AR: I've written a bit about the economics. The Energy Department cherry-picked the information that allowed President Bush to abandon his campaign pledge to regulate CO2 from power plants. And EPA and others protested this and were ignored. There has been an inadequate focus on the quality of the economic analyses and forecasts. They are highly suspect and have far more wiggle room and error than any climate model.

But how many times did the President or one of his minions talk about – what was it 4.5 million jobs and something like $450 billion in lost economic annual output if we signed onto Kyoto? Well, there are aspects of that analysis that are highly criticized. But for some reason, we in the journalism field latch onto numbers fairly quickly.

What would be the key points you'd stress with other journalists about climate change? What subjects should they hit? 
ARNot just for climate change, but just in general. When you can step back, whether it's sprawl or nonpoint source pollution or climate change, there are things going on around you that are profound, that are transforming landscapes. And we ignore them because they are happening in this incremental fashion that journalism just does not recognize. 

And it's not the kind of thing that you can do daily or maybe even yearly. But once in a while, when there's a slow news cycle, step back and see how many houses are being built on steep slopes, or how much leakage there is from underground gas tanks. Or what ecologists and biologists are saying about the way a valley, watershed or coast will be transformed over the next century and how does that relate to the surrounding institutions?

A perfect example is coastal development and sea level rise. One of the firmest things coming out of any climate model is that rising seas are the new normal for centuries to come. So if you are a journalist on the coast, this immediately starts a series of stories to see what is being done to reflect that.

You have to look at the world and ask, "Do our institutions reflect, are we still granting flood insurance to low lying areas?" It can lead to these types of stories.

On the mitigation side, college activism is exploding now. When I went to Montreal to cover the last round of climate-treaty talks the only people there who seemed to be talking sense were the youngest ones.

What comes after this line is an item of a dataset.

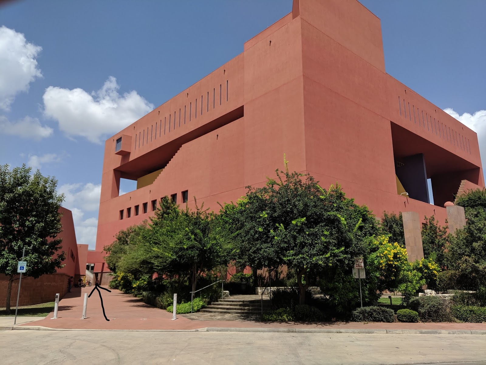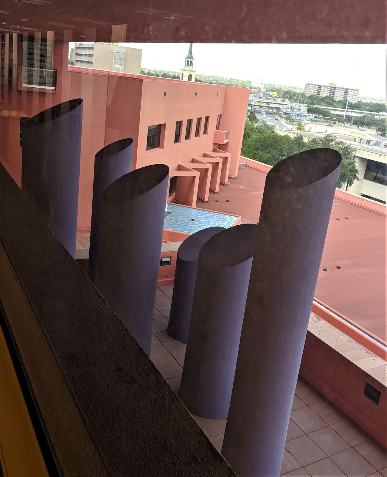 This striking building, built in 1995, is visible from one of the expressways that slice and dice San Antonio’s downtown and it first strikes you as a not particularly welcoming concrete box.

Will you still be covering the topic, or are you thinking of changing your beat? 
AR: At times I feel like that character from "The Godfather" where he says, "I keep trying to get out and they keep pulling me back in." It's almost unavoidable. What I'm hoping to do soon is get out of the daily grind for a bit and look a little bit more at what will happen in the 21st century. Will we able to start integrating more long-term risks? Katrina is a classic example where the risk was sitting right out there. This is a sub sea level city and you know there are big storms, which means problems. But we didn't react right.

So can we grow up as a species? Right now we are in our teens, locked in this exuberant adolescence for the last 150 years. See that forest? Let's take it down and make paper.

With science we can look forward and see if our actions are reckless. Basically my orientation as a reporter and a human being is to focus on avoiding or mitigating irreversible losses where they can be anticipated. Extinction and long-term climate change are the two biggies in the environment arena. And that shows no sign of changing.

Paul D. Thacker is an associate editor at Environmental Science & Technology in Washington, D.C.